▶ _What is needed_:
The lines from the beginning of the records below through the one holding "Also that year, the" are to be copied exactly; leave the pictures out.

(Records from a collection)
━━━
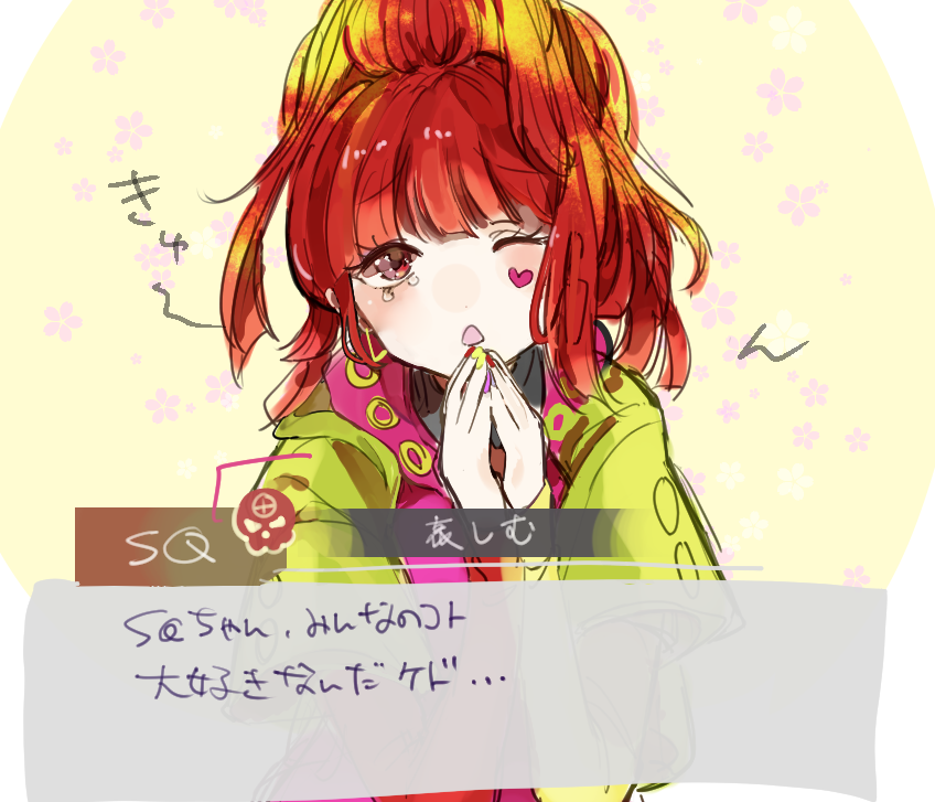 1girl black_hair blunt_bangs earrings eyelashes gloves gnosia hair_between_eyes hairband heart heart_earrings heart_tattoo high_ponytail hitsujiya.m jewelry long_hair long_sleeves looking_at_viewer nail_polish one_eye_closed ponytail red_eyes red_hair simple_background solo sq_(gnosia) straight_hair tattoo translation_request turtleneck upper_body
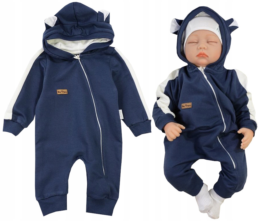 Разрез: Комбинезон с капюшоном. Застегивается по диагонали на молнию. Брюки и рукава отделаны манжетами. На капюшоне милые ушки, а на рукавах — полоски контрастного цвета.
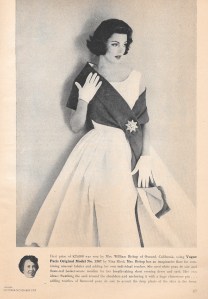 Also that year, the General Federation of Women’s Clubs sponsored their own sewing contest. The theme of the contest was “the ideal costume for a clubwoman’s wardrobe.” Points of consideration in the judging were: “fashion-rightness,” “versatility and appropriateness for club occasions,” “becomingness to the wearer,” “over-all fashion effect,” and “workmanship.” 24 of the state finalists submitted entries consisting of a dress with its own jacket or coat. That is still to this day a winning combination, classic and chic.
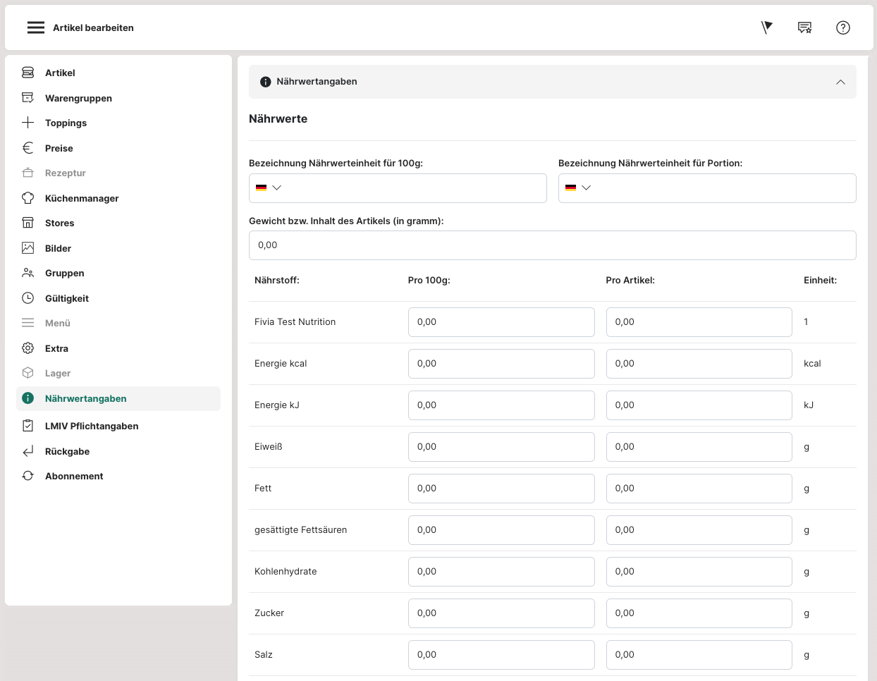 Damit "Bezeichnung Nährwerteinheit für 100g" und "Bezeichung Nährwerteinheit für Portion" erscheinen, muss beim Reiter "Artikel" der Artikel als "Verkaufsartikel" aktiviert sein.
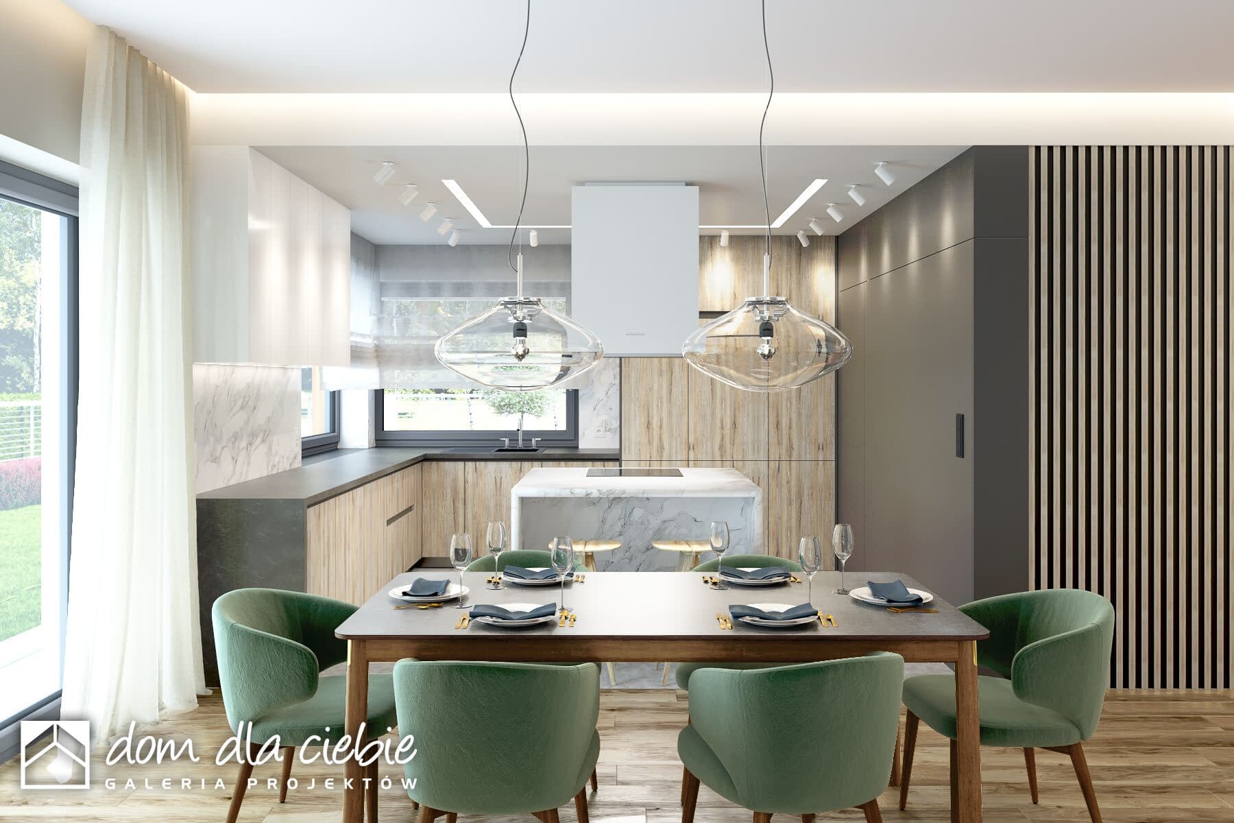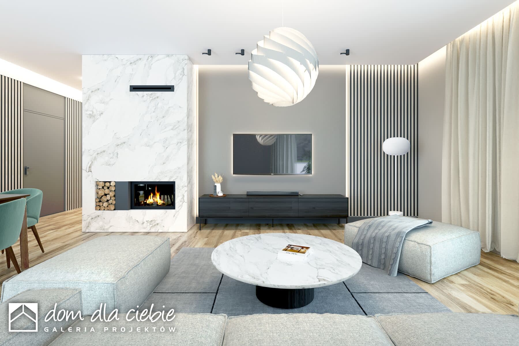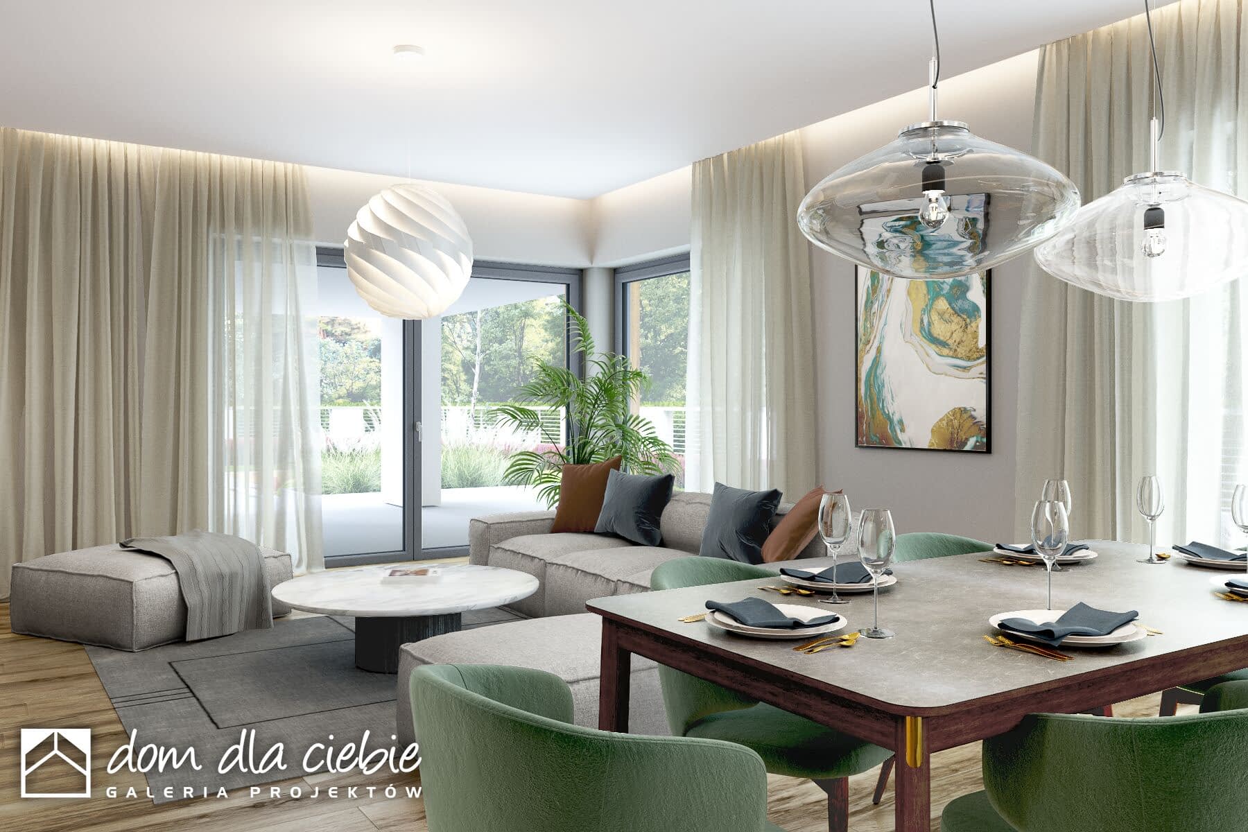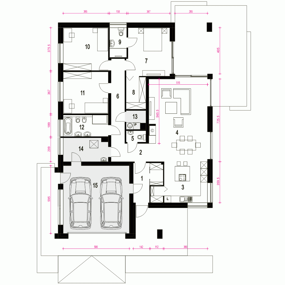 Projekt domu jednorodzinnego, parterowego dla 4- osobowej rodziny. Strefa dzienna w projekcie to: salon, kuchnia z wyspą i spiżarnią oraz wc dla gości. Strefa nocna zawiera 3 sypialnie w tym jedną z własną łazienką i garderobą, spora łazienka oraz pralnia i kotłownia z przejściem do garażu.
━━━
▶ _Your response_:
 1girl black_hair blunt_bangs earrings eyelashes gloves gnosia hair_between_eyes hairband heart heart_earrings heart_tattoo high_ponytail hitsujiya.m jewelry long_hair long_sleeves looking_at_viewer nail_polish one_eye_closed ponytail red_eyes red_hair simple_background solo sq_(gnosia) straight_hair tattoo translation_request turtleneck upper_body
 Разрез: Комбинезон с капюшоном. Застегивается по диагонали на молнию. Брюки и рукава отделаны манжетами. На капюшоне милые ушки, а на рукавах — полоски контрастного цвета.
 Also that year, the General Federation of Women’s Clubs sponsored their own sewing contest. The theme of the contest was “the ideal costume for a clubwoman’s wardrobe.” Points of consideration in the judging were: “fashion-rightness,” “versatility and appropriateness for club occasions,” “becomingness to the wearer,” “over-all fashion effect,” and “workmanship.” 24 of the state finalists submitted entries consisting of a dress with its own jacket or coat. That is still to this day a winning combination, classic and chic.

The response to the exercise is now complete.